Raised face flanges with concentric grooves were used with the spiral-wound gasket. Their dimensions are provided in
Table 3.
Table 4 shows the dimensions and engineering tolerances of the spiral-wound gasket. The spiral-wound gasket has the centering outer ring but not the inner ring.
Nine tests were performed: five on the oval ring joint and four on the spiral-wound gasket. Several other tests were rejected because of the unstable conditions or data-acquisition issues.
Table 5 shows the conditions during the 9 tests.
Before we started the experiments, four commissioning phases were carried out. Firstly, the flanges with the spiral-wound gasket were tightened at 170 Nm, while the ones with the oval ring were tightened at 200 Nm. The tightening torques were suggested by the manufacturers.

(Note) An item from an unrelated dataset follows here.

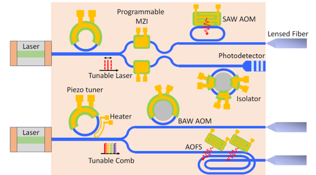 节省空间也是一项关键优势。由于MEMS致动器可以直接制造在光子结构旁边或上方(即单片集成),因此可以实现紧凑的布局,从而将数千个光学元件密集地集成到PIC中。事实上,包括PZT在内的薄膜压电材料以及新兴的无铅薄膜(例如KNN)能够在很小的体积内实现高驱动力,并可在吉赫兹频率下进行声光调制。这并非理论上的设想,学术研究已经证实了这一点。

The tightness was later verified with a hydrostatic test at 160.7 bar and 20 °C with water for 4 h.
Secondly, the tightness of the test rig was assessed by using a leak detector in sniffing mode. A vacuum was created in the boxes, and then a small overpressure of helium was injected (using an external helium tank). Each welding and each fitting was sniffed with the detector to assess its tightness. This phase was preceded by X-ray radiographies on each welding joint that demonstrated the absence of porosities.
Thirdly, after the installation in HeFUS3, the vacuum was pumped for about 24 h in the entire facility to remove any trace of water and air. Then, the facility was heated up to 150 °C and kept at this temperature for about 24 h in order to degas the walls of the pipes and of the flanges. After 24 h, the vacuum was pumped again until the pressure reached an almost constant value at about 10 mbar. At this time, helium was flowing, and the pressure was about 20 bar. Then, a leak was simulated through a calibrated device to check the accuracy of the measurement. The outcome of this step was that the accuracy of the measurement was not significantly altered by the experimental setup.
Finally, a test in cold conditions, at about 40 bar, was carried out to check if the facility and the instrumentation were correctly working and to evaluate the flanges’ leak rate before heating up.